Many of us who teach have had this experience: We work hard to explain to our students something that we understand well. We try to use intuition, analogies, examples, multiple methods, asking and answering questions, group exercises—the stuff of pedagogical knowledge. We are rewarded with students who feel that they understand. But when our students try to solve problems themselves, many make mistakes which reveal that they, in fact, didn’t understand. We correct their mistakes, explaining the right logic. But some students make the same mistakes again and again.
Through years of work and after much frustration, we teachers learn students’ common errors and the logic of those errors. We learn to stave the errors off—or use them as teaching moments. With our students, w go through each stage in their logic to find and explain the flaws.
This knowledge of the thinking behind their errors is not the content of our subject. Nor is it classic pedagogy. Most of us learn how our students misunderstand unsystematically and almost by accident. Some of us may systematically take stock of and analyze students’ mistakes to understand them. But in my experience few professors think of this as systematic knowledge and fewer yet have a name for it. I certainly did not.
Then a few weeks ago I read a New York Times magazine article, “Building a Better Teacher.” Researchers in elementary school math pedagogy, particularly Deborah Ball of the University of Michigan, have coined the term “Mathematics Knowledge for Teaching”. Here is how the article describes it:
“It’s one thing to know that 307 minus 168 equals 139; it is another thing to be able to understand why a third grader might think that 261 is the right answer. Mathematicians need to understand a problem only for themselves; math teachers need both to know the math and to know how 30 different minds might understand (or misunderstand) it… This was neither pure content knowledge nor what educators call pedagogical knowledge.”

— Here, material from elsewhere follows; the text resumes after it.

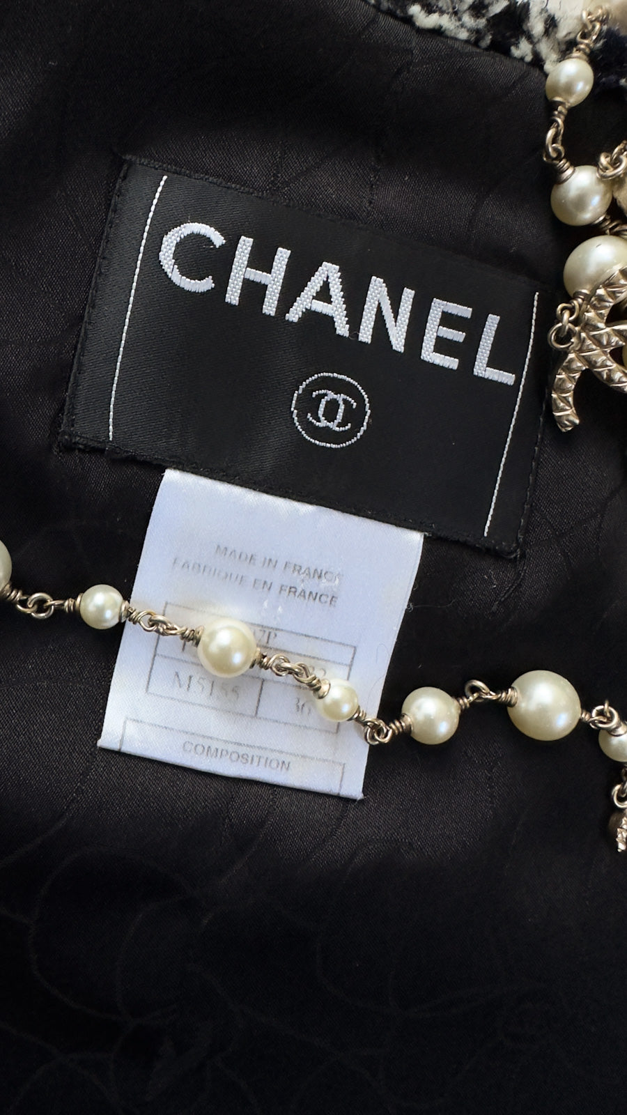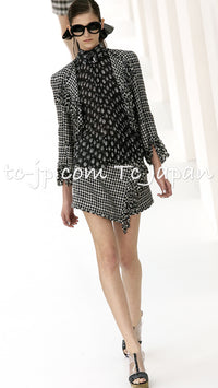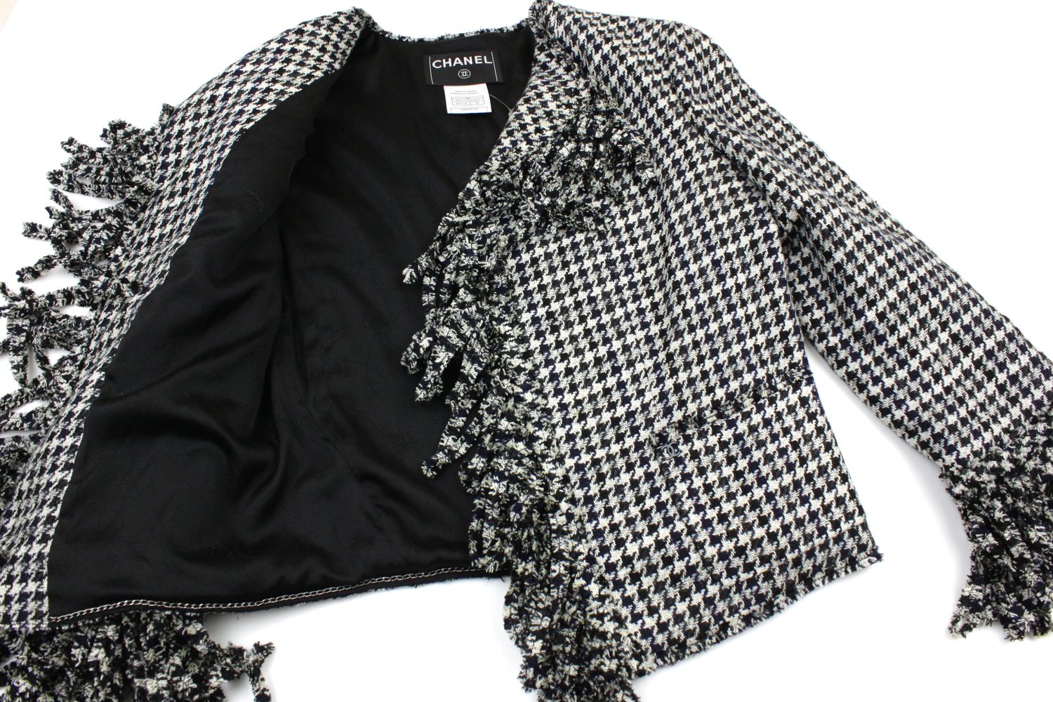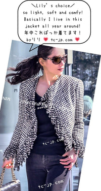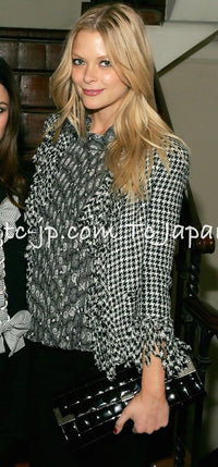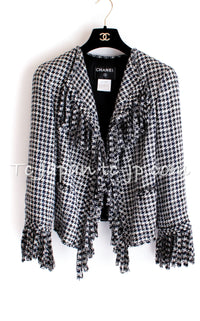 CHANEL 07S Black Gray Houndstooth Fringe Silk Linen Wool Tweed Jacket 34 36 シャネル ブラック グレー フリンジ ツイード ジャケット 千鳥格子 即発

The concept of mathematics knowledge for teaching is much broader than simply understanding misunderstandings. But I think that this sub-component is particularly valuable and something that we in higher education should embrace.
I’m sure some of you are already thinking that there is already a literature in subject-specific teaching in higher education. I have certainly seen and found valuable materials on the teaching of microeconomics and of statistics, two of the subjects that I teach. But in my experience, such materials combine content and pedagogy; they generally do not focus on understanding students’ misunderstandings.
The most efficient way to work on this is for instructors that teach the same subjects to collaborate, compare notes and so on. One semester, my colleague Gregg Van Ryzin and I both taught research methods with the same materials. Each week, we met to discuss what worked and what didn’t. We focused on the what, why and how of our students’ confusion. Our teaching and teaching materials improved substantially.
Unfortunately, I am still taking baby steps with such efforts. The real professionals know how to do this well. I learned recently about the work of Steve Hinds and others working on in developmental math in CUNY. Their work in general is described in “More Than Rules: College Transition Math Teaching for GED Graduates at the City University of New York”. What struck me most is how they work: all instructors collaborate on developing the materials but whatever the differences of opinion, everyone teaches with the same detailed materials, including in-class exercises, approaches for introducing topics and so on. Then all instructors describe their experiences: what worked, what didn’t, why and how. Collectively, they then work to improve student learning. This method, like the faculty inquiry groups Mary Taylor Huber has described, are very different from most of our experiences teaching in higher education.
What subject-specific student misunderstandings have you learned about? How has such knowledge helped your teaching? Do you and other professors who teach the same course regularly debrief?